Over the last 50 years I've owned about 16 Pentax SLRs. This includes 9 Pentax dSLRs: 7 APSC dSLRs and 2 FF dSLRs. I still have several of them.
My SFX and Z-1P cameras.
Over the last 57 years I've also owned several mirror-less cameras; Pentax and non-Pentax. Sometimes I use both [d]SLRs and mirror-less cameras in parallel on the same occasion for their different benefits.
I sometimes mix different viewing technologies on a camera to try to get a superset of their benefits.
I've experienced the evolution of various viewing technologies over all this time. This thread summarises their advantages and disadvantages for me.
My history:
I started with a Brownie 127.
In 1963 (while still at school) I bought a Werra 1c. It was little more than a 35mm box camera, with a decent lens and in-lens shutter and a simple optical viewfinder.

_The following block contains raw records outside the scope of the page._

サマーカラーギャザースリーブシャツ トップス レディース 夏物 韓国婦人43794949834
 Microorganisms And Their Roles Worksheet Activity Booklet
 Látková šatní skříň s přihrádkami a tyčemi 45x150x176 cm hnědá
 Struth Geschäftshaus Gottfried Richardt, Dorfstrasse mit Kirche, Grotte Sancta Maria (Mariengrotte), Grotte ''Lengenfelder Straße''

I soon had some photos taken with it published, and I won first prize in a photo competition in a weekly photographic newspaper.
Over about 7 years I used my Werra 1c in about 7 European and Scandinavian countries, mainly successfully shooting black-and-white and colour-negative film.

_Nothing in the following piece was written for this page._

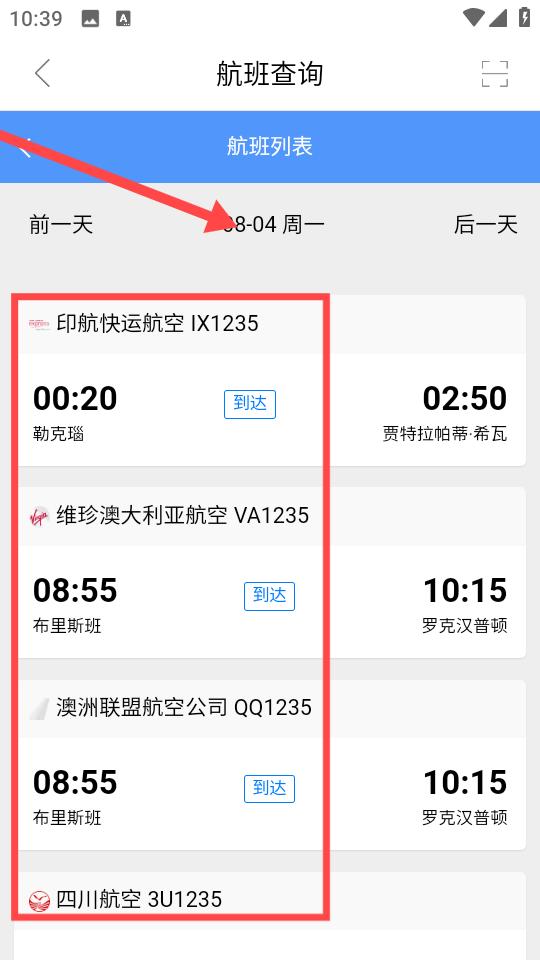 3、航班查詢結果頁顯示08月4日周一的航班列表,含印航快運航空等航班,標注起降時間與城市,清晰呈現航班信息,方便旅客參考。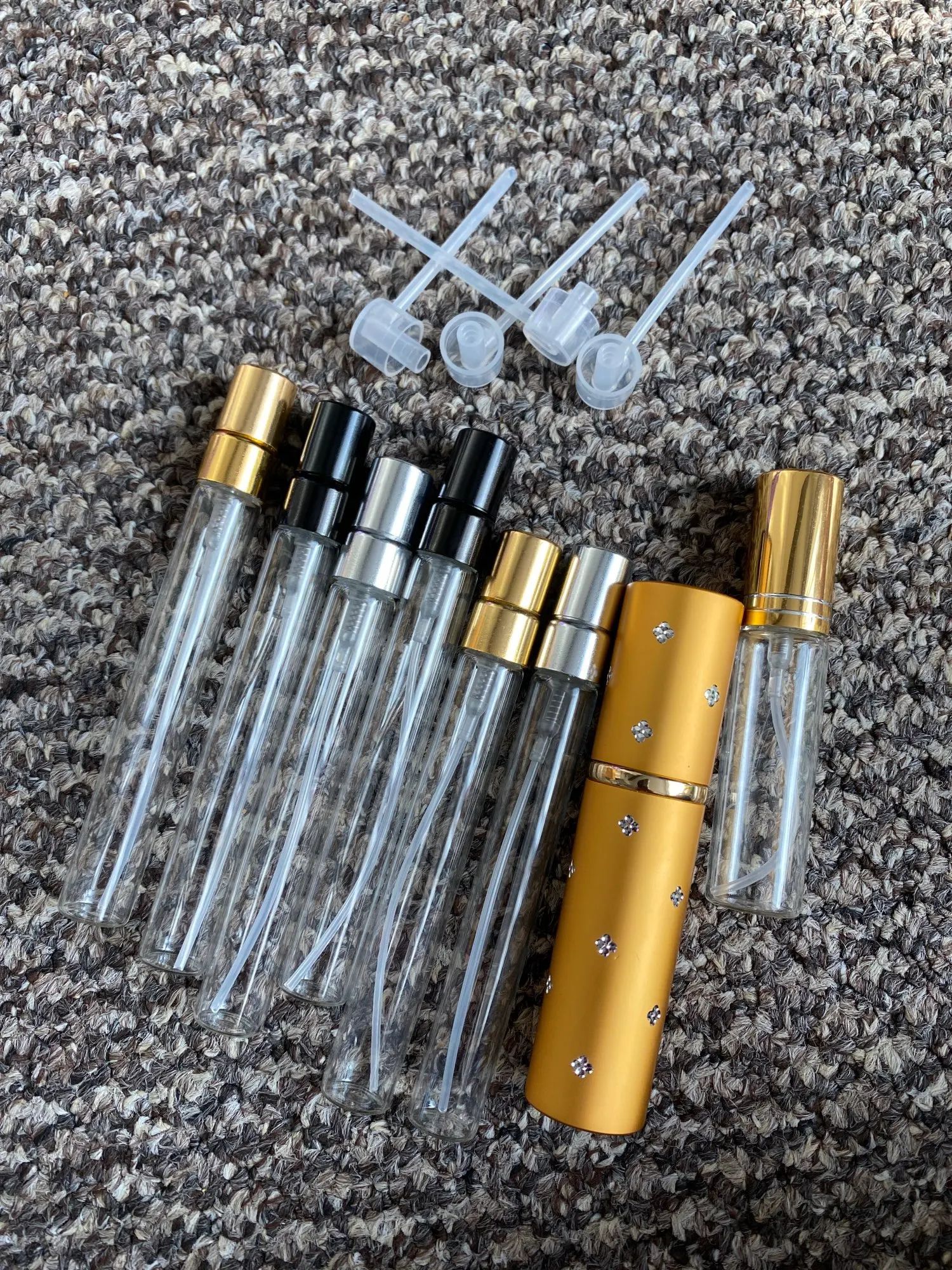 Mini rechargeable Glass Perfume Bottle. Очень практичный и портативный для 10 мл. Просто то, что нужно положить в сумку. Не связывайтесь с продавцом, потому что не было необходимости, и продукт был отправлен примерно через три недели 1 месяц.

All I really needed was a box with a light-sensitive recording medium and a way of pointing it in the right direction.
In 1967 a friend lent me his Pentax S1A to try. I suddenly realised what I had been missing:
- Parallax-free viewing!
- [Manual] Through the lens focusing on the viewfinder screen!
About 1970 I bought two Pentax SP500s. Since then, Pentax [d]SLRs have been my main top-end cameras, giving me:
[1] Parallax-free viewing.
[2] Manual, then later automatic, focusing.
[3] Manual, then later automatic, exposure control.
My two SP500s. I still sometimes pick them up and wind-on and press the buttons!
Those three features (plus image quality) are what I typically want in my main cameras. [2] is the most important, because if it fails, the image it typically lost.
Experience with 35mm film, then Pentax FF dSLRs, tells me that full-frame is best for my more serious photography.
My typical airshow or motor-sports or bird-in-flight kit.
I always want to have a smaller lighter camera available. So I typically have a mirror-less camera of some sort alongside my [d]SLRs. An example was a fixed-lens 35mm AF camera such as the Pentax Espio 120. From 2009 my smallish mirror-less cameras have been digital.
Such cameras are less "imposing". (And quieter, which can be important in some situations, such as bird-photography). They are convenient as "carry around" cameras. I often use them for context setting. And if the worst happens, they provide (very limited) back-up.
I now own mirror-less Pentax Qs, Panasonics, and Ricohs. I'm comfortable with using Electronic Viewing within its limitations at the time. My current small, digital, mirror-less, "carry everywhere" camera, is the Ricoh GRIII, which I hang off my belt when outdoors.
My Ricoh GRIII "carry everywhere" camera hanging on my belt.
Each of these is "a box with a light-sensitive recording medium and a way of pointing it in the right direction".
Mirror-less cameras allow better designs for wider-lenses: they can avoid the need for an "inverted telephoto" design, allowing lighter, cheaper, and potentially better quality lenses. They also avoid the need for AF Micro-adjustments.
This identifies problems introduced by the use of a mirror.
"Photography" doesn't need mirrors. Mirrors are simply one way of doing some of the preliminary actions that some of us demand in order to eventually capture an image. Mirrors introduce problems of their own!
Now consider burst-mode!
I've consistently found over years that the visual effect of mirror-flipping in burst mode has an adverse impact on my action photography. I want my future burst-mode photography not to involve mirror-flipping.
I hope this 5.2 MB video can be seen:
www.barrypearson.co.uk/top2009/downloads/00000.MTS_1.wmv
This is not a criticism of "Pentax". It is a criticism of "mirrors", whatever the brand.
I've spent time and money on two main ways to avoid this problem:
- A Red Dot Sight. (I have two of them).
- A supplementary optical viewfinder on the flash-shoe.
My first Red Dot Sight
My second Red Dot Sight
I find aligning my Red Dot Sights with the lens-axis too fiddly and error-prone. I'm unlikely to use them again.
Setting the alignment of a Red Dot Sight; in my garden, not even in the field.
Use of a supplementary viewfinder, fitted into the flash-shoe, works for aiming purposes, not for composition purposes. But when I'm (say) shooting aircraft in flight, "aiming" is what I'm doing! It is relatively easy to have an optical viewer intended for a Ricoh or Pentax-Q camera in the flash-shoe.

I've had a 50-year love-affair with Pentax [d]SLRs!
But we have become incompatible.
I've used mirror-less cameras for 57 years.
It is time for me to become mirror-free.
I'm currently gaining experience with an FF mirror-free camera.
This is "work in progress": so far, so good.
I hope to be ready for airshows on 18, 19, and 20 September.
Sooner rather than later, burst mode won't be a problem for me.